Description of problem: When using bonding in 802.3ad mode with very heavy stress, removing the last slave of the active aggregator might result in long failover to another aggregator (upto 90 sec.) due to LACPDU packets being dropped from the slaves tx queue. The solution is to send such packets with the highest priority. The solution was verified to work with 10/100/1000Mbps adapters, but might not be good enough when using 10/100 adapter - in which case it will be necessary to wait the entire timeout defind by the IEEE standard. Version-Release number of selected component (if applicable): kernel-2.4.20-1.1931.2.231.2.11.ent How reproducible: Configure a bonding team in 802.3ad mode with 2 or more gig adapters and 2 or more 10/100 adapters. Start heavy bi-directional stress traffic between the server and the clients and remove the gig slaves from the bond one by one. Once the last gig slave is removed, traffic may stall until the new aggregator is selected (may vary between switches). Steps to Reproduce: 1. insmod bonding mode=4 2. ifconfig bond0 <ip-addr> 3. ifenslave bond0 eth0 eth1 eth2 eth5 eth6 eth7 4. run stress traffic (e.g. iperf, netperf, etc.) 5. do ifenslave -c on all gig slaves 6. monitor traffic on remaining slaves Actual results: Traffic stalls for up to 90 sec. until a new aggregator is selected. Expected results: Traffic restarts immediately using another aggregator. Additional info: A bug fix patch was sent by me on June 26th to bond-devel, linux-net and linux- netdev lists. It was already accepted by Jeff Garzik into his net-drivers-2.4 BK tree.
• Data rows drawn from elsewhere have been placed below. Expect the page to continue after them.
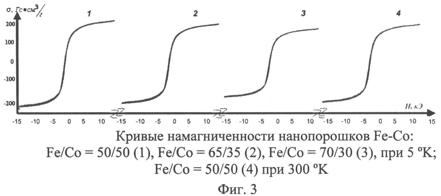 Изобретение относится к области получения наноразмерных порошков металлов группы железа, которые применяются в системах записи и хранения информации, в изготовлении магнитных сенсоров, используемых в медицине и биологии и др. Способ включает приготовление раствора солей гептагидрата сульфата железа и гексагидрата хлорида кобальта, его нагрев, осаждение щелочью металлов в виде гидроксидов железа и кобальта при непрерывном перемешивании, при этом в ходе перемешивания для осаждения гидроксидов железа и кобальта в раствор вводят 20-25 г твердой щелочи сухого гидроксида натрия, после чего в раствор добавляют 20-40 мл раствора 65 мас.% гидразин гидрата и выдерживают в течение 5-20 минут. Технический результат - получение нанопорошка железо-кобальт в виде твердого раствора, не содержащего окисно-гидроокисных соединений и диамагнитных примесей. 2 з.п. ф-лы, 1 табл., 3 ил.
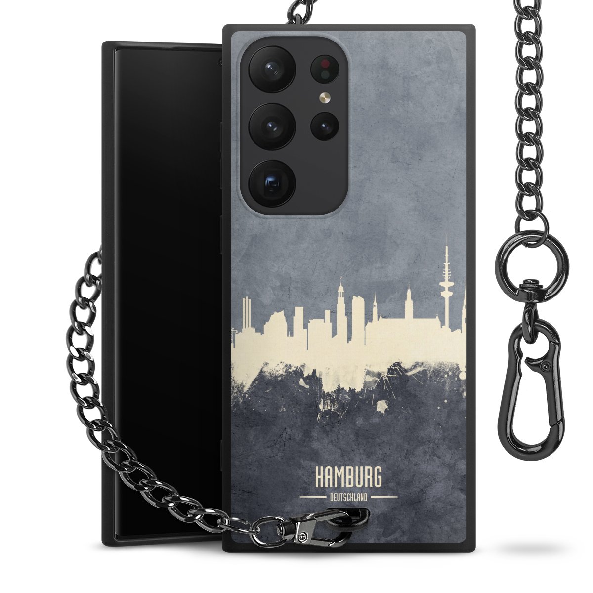 • Mattschwarze Handyhülle mit Metallkette
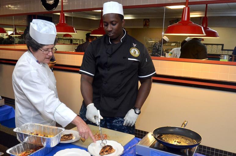 Keywords: Culinary training session 130905-N-IS680-048.jpg en Nydia Ekstrom left a certified executive chef with Unilever Food Solutions conducts training at the Dam Neck Annex base galley with Culinary Specialist 2nd Class Antonio Bell from Joint Expeditionary Base Little Creek-Fort Story U S Navy photo by Mass Communication Specialist 2nd Class Alysia R Hernandez/Released 2013-09-10 Petty Officer 2nd Class Alysia Hernandez https //www dvidshub net/image/1014849 130905-N-IS680-048 2013-09-10 23 23 VIRGINIA BEACH VA US PD-USGov-Military-Navy Joint Expeditionary Base Little Creek-Fort Story Images from DoD uploaded by Fæ |
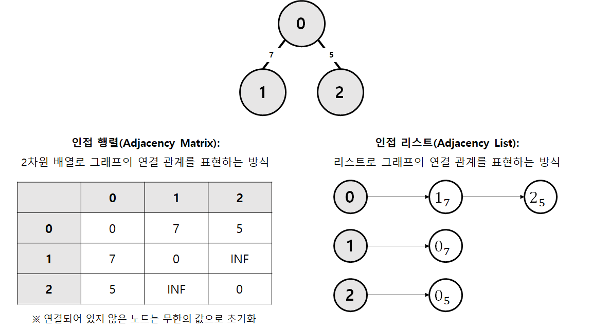 - 그래프를 표현하는 방법에는 두 가지 방법이 있음 → 인접 행렬과 인접 리스트
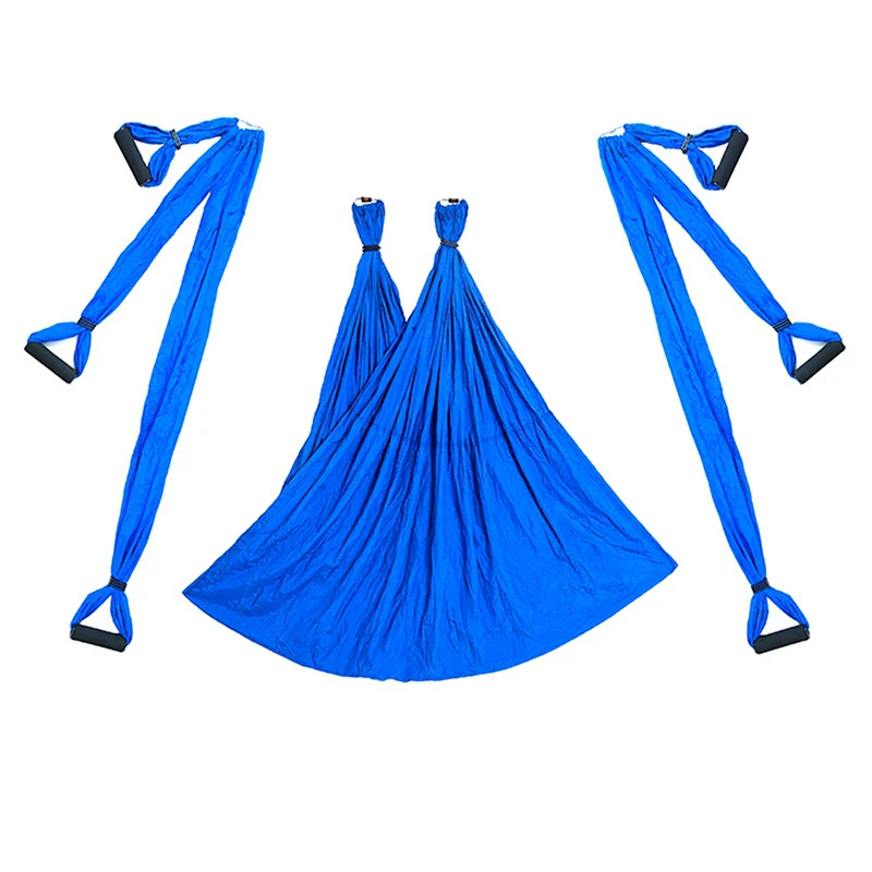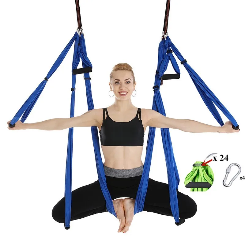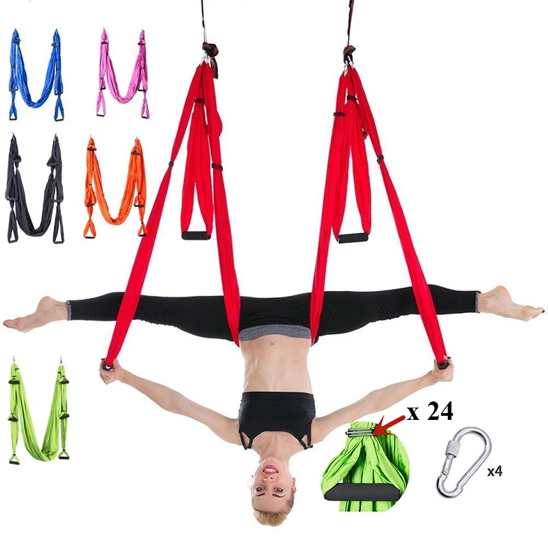 Название продукта: гамак для йоги Тип: 6 ручных ручек Цвет на выбор: королевский синий, зеленый, оранжевый, розовый, черный, красный Материал гамака: Парашютная ткань (210T нейлоновая тафта) Материал дужки: 201 нержавеющая сталь Грузоподъемность: 200 кг Размер: прибл. 250х145см Аксессуары: 1 главный гамак, 6 ручных ручек, 4 скобы, 24 регулировочных пряжки, 1 сумка для хранения
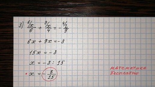 Решить уравнение x/6+x/4=-2/9. Решить уравнение x/6+x/4=-2/9. Канал Математика бесплатно.
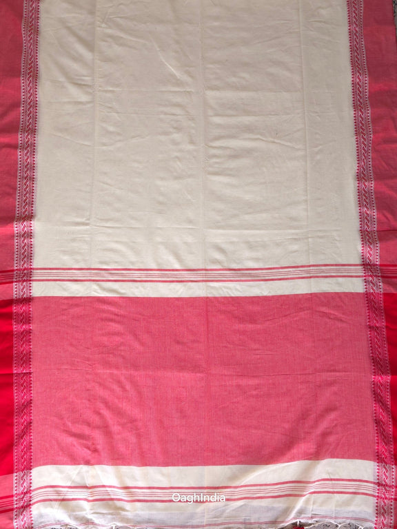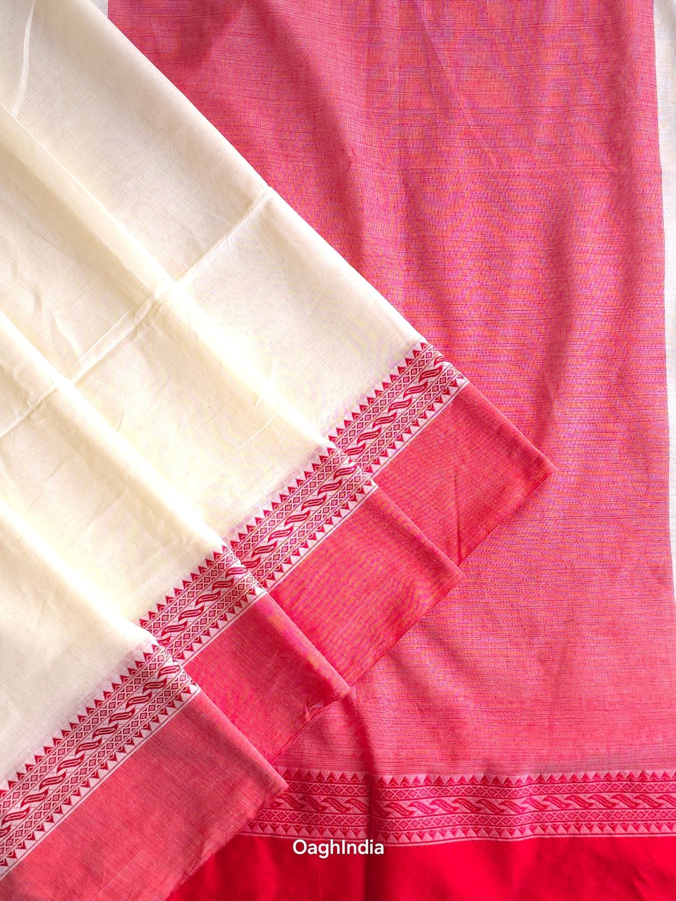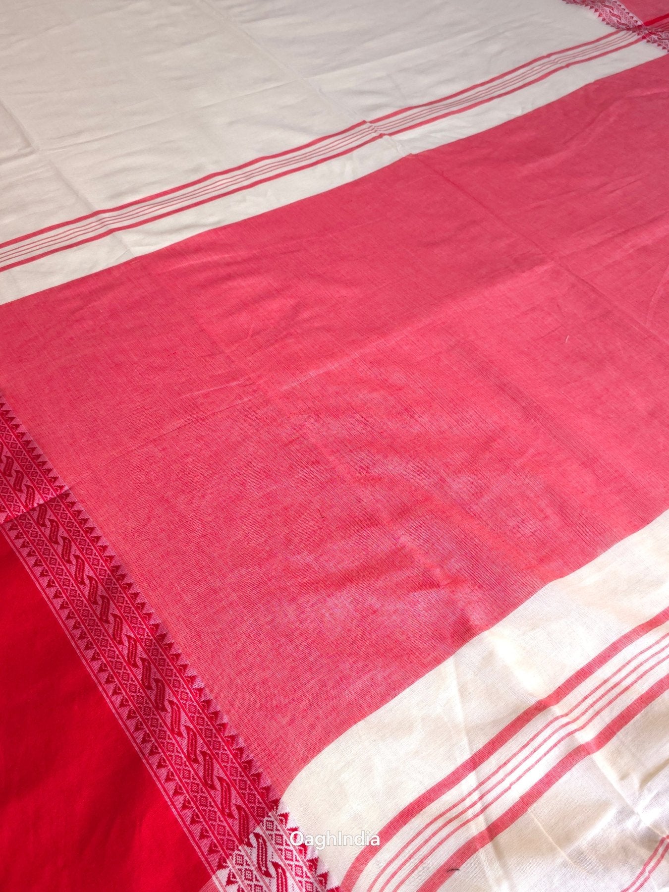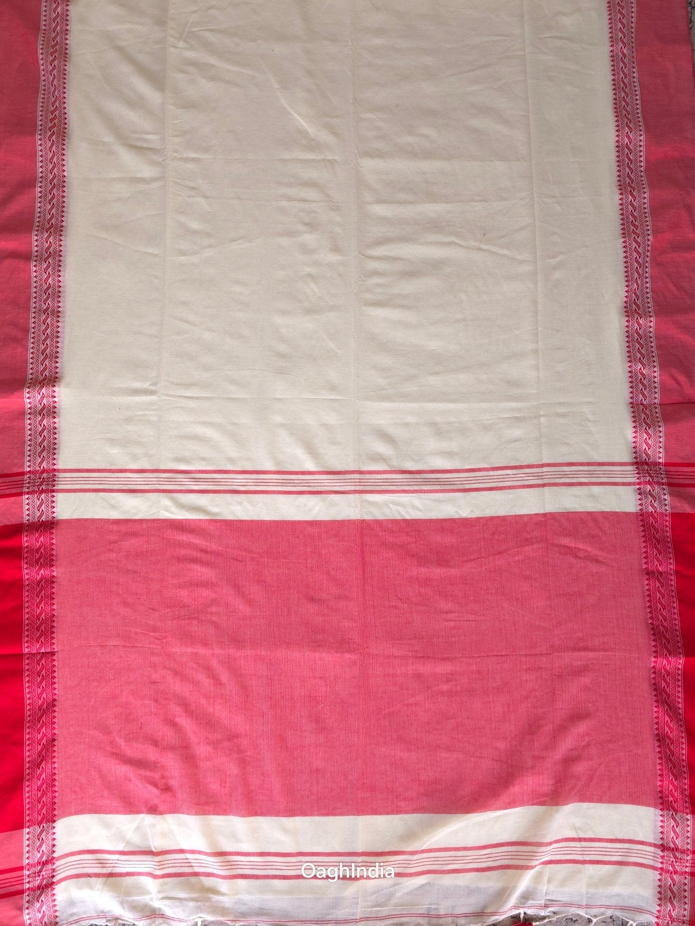 Crafted from pure cotton, these sarees are as comfortable as they are beautiful! With a soft, easy drape, you'll feel at ease all day long. The plain body gives a minimalistic charm, while the intricately woven borders and contrasting hues on the body and pallu add an eye-catching pop of elegance.

It is a further fix for the original problem reported by Jay Vosburgh regarding the same problem without stress traffic.
ISSUE TRACKER 25887 OPENED AS SEV 1
Jeff, do we have patches for this in Taroon already or are they still in your queue ?
Appears to be fix implemented in RHEL 3 B1 candidate kernel (version 2.4.21- 1.1931.2.349.2.2.ent).